Henry v. Milonas

—Judgment unanimously reversed on the law with costs, cross motion denied, complaint reinstated, motion granted, judgment granted and matter remitted to Supreme *922Court for further proceedings in accordance with the following Memorandum: Plaintiff Frederic T. Henry, Jr., the elected Ontario County Surrogate, also serves as acting County Court Judge and acting Family Court Judge in Ontario County. Plaintiff James R. Harvey, the elected Ontario County Court Judge, also serves as acting Family Court Judge and acting Surrogate in Ontario County. Plaintiffs seek judgment declaring that the disparity between their salary and the salary paid to Judges of the County, Family and Surrogate’s Courts in Monroe County pursuant to sections 221-d, 221-e and 221-f of the Judiciary Law violates their right to equal protection of the laws under the Federal and State Constitutions (see, US Const, 14th Amend, § 1; NY Const, art I, § 11). Plaintiffs moved and defendants cross-moved for summary judgment. Supreme Court granted the cross motion and dismissed the complaint. We reverse and grant plaintiffs’ motion.
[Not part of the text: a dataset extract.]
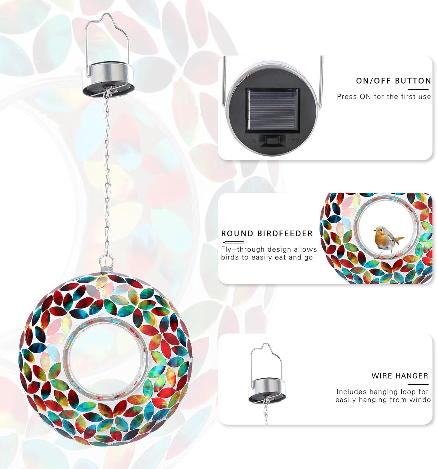 VCUTEKA Mosaic Bird Feeder Solar Fly Through Birdfeeder for Outside Hanging Round Shape Glass Container to Attract More Wild Bird Feeders for Garden Decor as Gift for Bird Lovers, Red 10-Inch
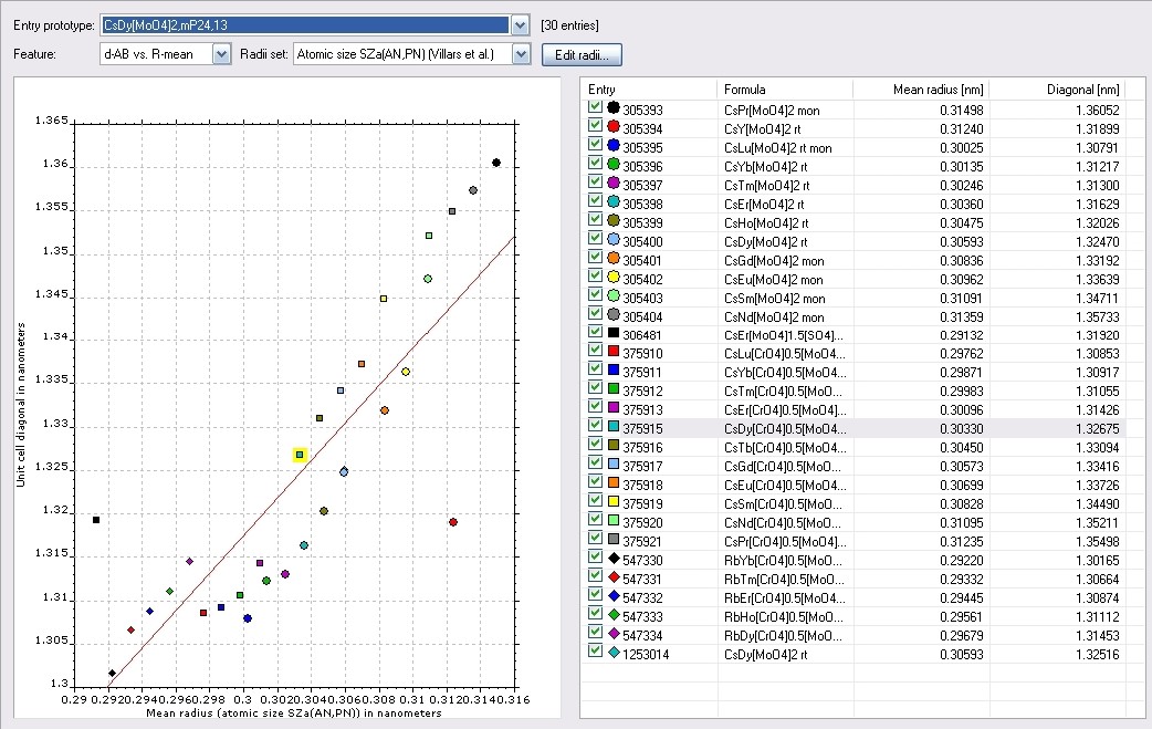 Pearson's Crystal Data Features: Radii/volumes diagram

Plaintiffs are entitled to judgment declaring that the disparity in salary between plaintiffs and Judges in the County, Family and Surrogate’s Courts serving in Monroe County violates plaintiffs’ right to equal protection of the laws. The fact that plaintiffs perform duties in all three County-level courts does not justify that disparity in salary. Although the three County-level courts are distinct in jurisdiction and function, County Court, Family Court and Surrogate’s Court Judges in Monroe County receive the same salary (see, Judiciary Law §§ 221-d, 221-e, 221-f). Thus, the differences in salary levels set by the pertinent sections of the Judiciary Law do not rest upon the distinct duties of Judges at County-level courts. Rather, the salary disparity between plaintiffs and County Court, Family Court and Surrogate’s Court Judges in Monroe County rests entirely upon geography. That geographical distinction, in our view, lacks a rational basis. The overall duties and responsibilities of plaintiffs are equivalent to those of County-level Judges in Monroe County. The combined caseloads of plaintiffs are also comparable to the caseloads of County Court, Family Court and Surrogate’s Court Judges in Monroe County. Differences in the costs of living between the two counties are insignificant. Further, because Ontario and Monroe Counties are located within the Fourth Department, "there exists a ' "true unity of * * * judicial interest * * * indistinguishable by separate geographic considerations” ’ ” (Davis v Rosenblatt, 159 AD2d 163, 171, appeal dismissed, 77 NY2d 834, lv denied 79 NY2d 757, appeal dismissed 79 NY2d 822, quoting Weissman v Evans, 56 NY2d 458, 463; see, Wilson v Crosson, 222 AD2d 1085; Burke v Crosson, 213 AD2d 963, 964-965; Buckley v Crosson, 202 AD2d 972, 973). We conclude, therefore, that defen*923dants failed to establish that a rational basis exists for the salary disparity between plaintiffs and County Court, Family Court and Surrogate’s Court Judges in Monroe County.

We therefore grant plaintiffs’ motion and grant judgment in favor of plaintiffs declaring that the salary disparity between plaintiffs and Judges of the County Court, Family Court and Surrogate’s Court serving in Monroe County violates plaintiffs’ right to equal protection of the laws; awarding plaintiffs judgment for back pay equal to the difference between their salary and the salary paid to County Court, Family Court and Surrogate’s Court Judges in Monroe County, beginning on the dates of their commencement of service, with interest at the statutory rate (see, CPLR 5004); directing that defendants henceforth pay to plaintiffs a salary equal to that of County Court, Family Court and Surrogate’s Court Judges in Monroe County; and directing defendants to make contributions to plaintiffs’ pensions and other benefits to reflect the increase in salary. Because plaintiffs have successfully contended that they have been denied their rights to equal protection of the laws, a claim cognizable under 42 USC § 1983, the action is remitted to Supreme Court to determine the amount of counsel fees, if any, to be awarded pursuant to 42 USC § 1988 (see, Wilson v Crosson, supra; Davis v Rosenblatt, supra, at 173). (Appeal from Judgment of Supreme Court, Ontario County, Cornelius, J.—Declaratory Judgment.) Present—Green, J. P., Pine, Fallon, Callahan and Davis, JJ.